A chart created by Caretta Research which asserts that although it’s still a big slice for several key vendors, only a relatively small proportion of the overall market value is hardware sold in the US. More here.
And it is proprietary hardware devices, such as cameras, switchers, routers and infrastructure products, that are among the products expected to be affected more than others.
Said Ambrose: “Many of these are made outside the US in places like Canada and China that are potentially most exposed to the tariffs. So far software, services and cloud are unaffected, though there’s always the risk of retaliatory tariffs against the US hyperscalers and digital services businesses which dominate global markets.”
Read more NAB 2025 in Review: Broadcast Audio Faces a Future of Tariff-Induced Higher Costs
Meanwhile, some manufacturers are considering creative workarounds by, for example, adjusting products to meet different tax classifications and exploring alternative pricing options for hardware and software.

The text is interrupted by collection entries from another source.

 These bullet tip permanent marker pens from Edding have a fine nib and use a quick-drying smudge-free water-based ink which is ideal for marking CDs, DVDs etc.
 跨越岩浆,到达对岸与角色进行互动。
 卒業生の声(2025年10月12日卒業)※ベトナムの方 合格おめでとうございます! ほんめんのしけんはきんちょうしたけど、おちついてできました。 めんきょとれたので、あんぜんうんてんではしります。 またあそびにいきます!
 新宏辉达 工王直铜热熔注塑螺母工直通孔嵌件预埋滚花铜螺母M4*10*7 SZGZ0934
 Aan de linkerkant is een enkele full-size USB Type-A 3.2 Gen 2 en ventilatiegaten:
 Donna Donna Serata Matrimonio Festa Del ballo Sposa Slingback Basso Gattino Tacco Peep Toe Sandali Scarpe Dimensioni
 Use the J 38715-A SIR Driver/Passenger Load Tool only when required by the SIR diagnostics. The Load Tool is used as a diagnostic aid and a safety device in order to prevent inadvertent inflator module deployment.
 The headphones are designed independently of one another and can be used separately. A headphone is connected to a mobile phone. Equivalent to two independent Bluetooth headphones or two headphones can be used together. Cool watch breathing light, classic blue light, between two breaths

A hardware vendor explained to SVG Europe: “The tariffs are on the hardware, but this piece of hardware will do absolutely nothing without my software. So how do we manage the cost of those things in the most appropriate way?

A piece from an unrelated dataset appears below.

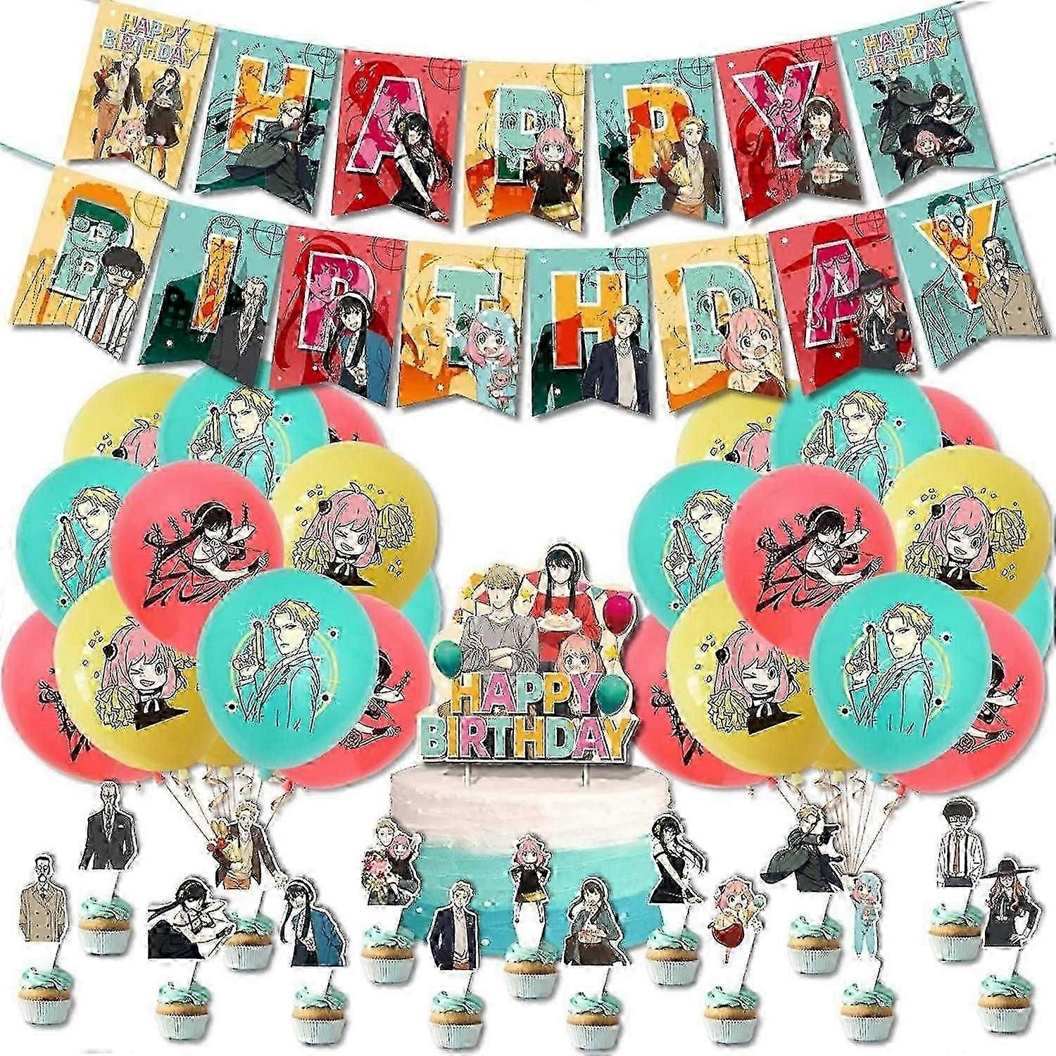 37Pcs Spy x Family Theme Birthday Party Supplies Including Happy Birthday Banner, Cake Topper, Cupca

“We haven’t made any decisions about what we’re doing, and we’re tracking very closely, but we can tweak our pricing; all of a sudden, this software component might cost 50 times more…we can play with the rules a bit if we wanted to, but at the moment we’re not doing anything. We’ll just see what happens when our products cross the border.”
Software adoption
As to the longer-term impact of the tariffs, parallels could be drawn with other disruptive global events that accelerated technological shifts such as the 2011 tsunami in Japan, which disrupted tape manufacturing and hastened the move to file-based delivery, or the Covid-19 pandemic, which fuelled the rise of remote production.

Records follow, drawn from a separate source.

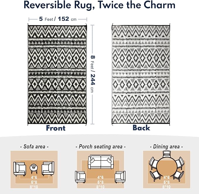 - VERSATILE USE FOR ALL OCCASIONS: Whether you're relaxing on the patio, hosting a picnic, or setting up your RV for a weekend getaway, this outdoor rug is designed to elevate every occasion. It's ideal for both indoor and outdoor settings, bringing a sense of balance and tranquility to any space. The outdoor carpet for patio is very suitable for decks, balconies, beaches, and more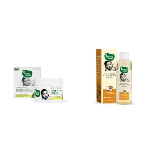 Mother Sparsh Combo of Plant Powered Diaper Rash Cream for Babies + Cold Pressed Virgin Coconut Oil for Baby Skin & Hair Care 200ml – Fast Shipping to USA & Canada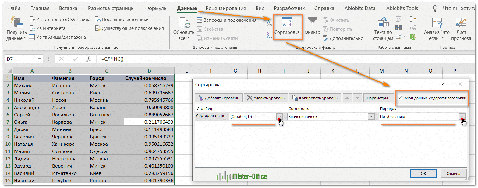 Для экономии времени можно использовать кнопки сортировки AY или YA, но курсор необходимо поместить на столбец с формулой RAND (). Заголовок столбца рекомендуется писать на русском языке, иначе есть возможность перейти в конец таблицы.
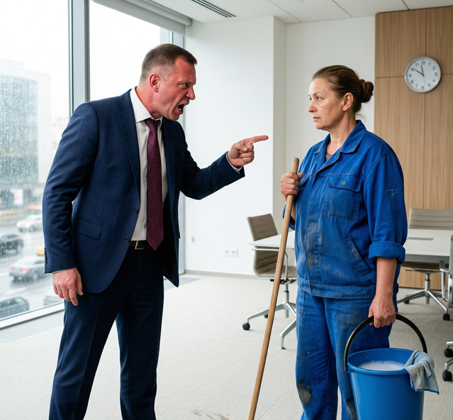 — «Уберите эту женщину, она позорит мой офис!» — кричал бизнесмен — Вон отсюда! У меня решается судьба компании, а ты тут лужи разводишь!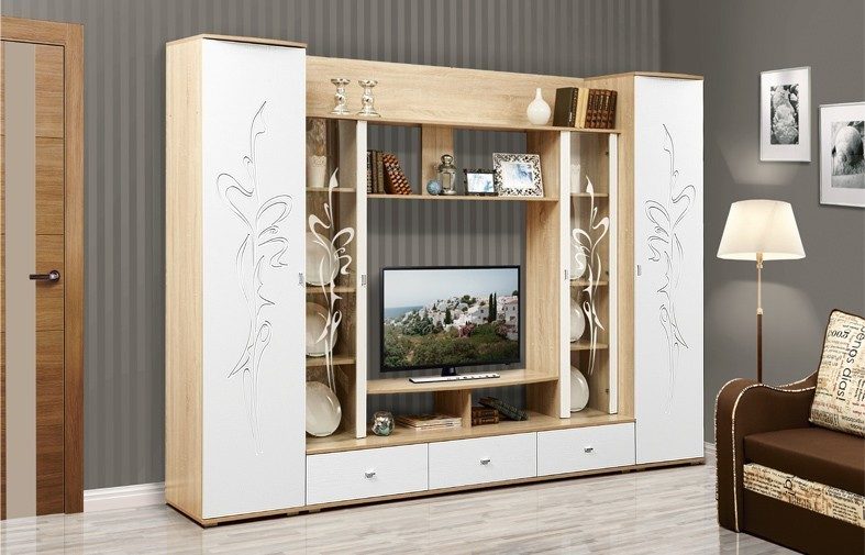Гостиная «Лия-3» Комплект 1 - Сонома/Белый Рикко

“We’ve already been tracking a shift in buyers’ preferences away from proprietary single-purpose hardware devices towards software-defined workflows running on standard COTS servers or in the cloud,” said Ambrose.
“Along with NAB Show buzz around initiatives like the EBU’s Dynamic Media Facility and MXL, I think the tariffs (and even the threat of tariffs in future) will accelerate this trend. Putting it bluntly, any manufacturers that are still over-relying on proprietary hardware devices are increasingly at risk of being out of step with the market. The spectre of tariffs has brought forward the point by which nearly every step of the content supply chain downstream of the camera is running in software on commodity hardware or cloud.
“We’re already seeing high growth in the market for software- and cloud-based live production, and tariffs on the kit in already-expensive OB trucks will drive the adoption of software-based production in higher-tier, more premium sports and events.”
Wang agreed, noting that amidst the tariff turmoil, “there might be growing opportunities for cloud and software solutions, especially because there are no effective tariffs on this sector at the moment. Technology vendors that focus on pure software or cloud solutions are more shielded from the tariff impacts than hardware manufacturers.”
However, she added that this transition isn’t entirely immune. “Although cloud and pure software products are not directly affected by tariffs, they could still be influenced by the increased cost of IT equipment or infrastructure.”
And purchasing decisions from broadcasters and facility builders may soon reflect this new reality. “Technology buyers are already turning away from expensive, proprietary hardware products that only do one thing,” said Ambrose. “If the tariffs persist, it will accelerate initiatives like the centralisation and virtualisation of news production and playout used by station-owning groups.”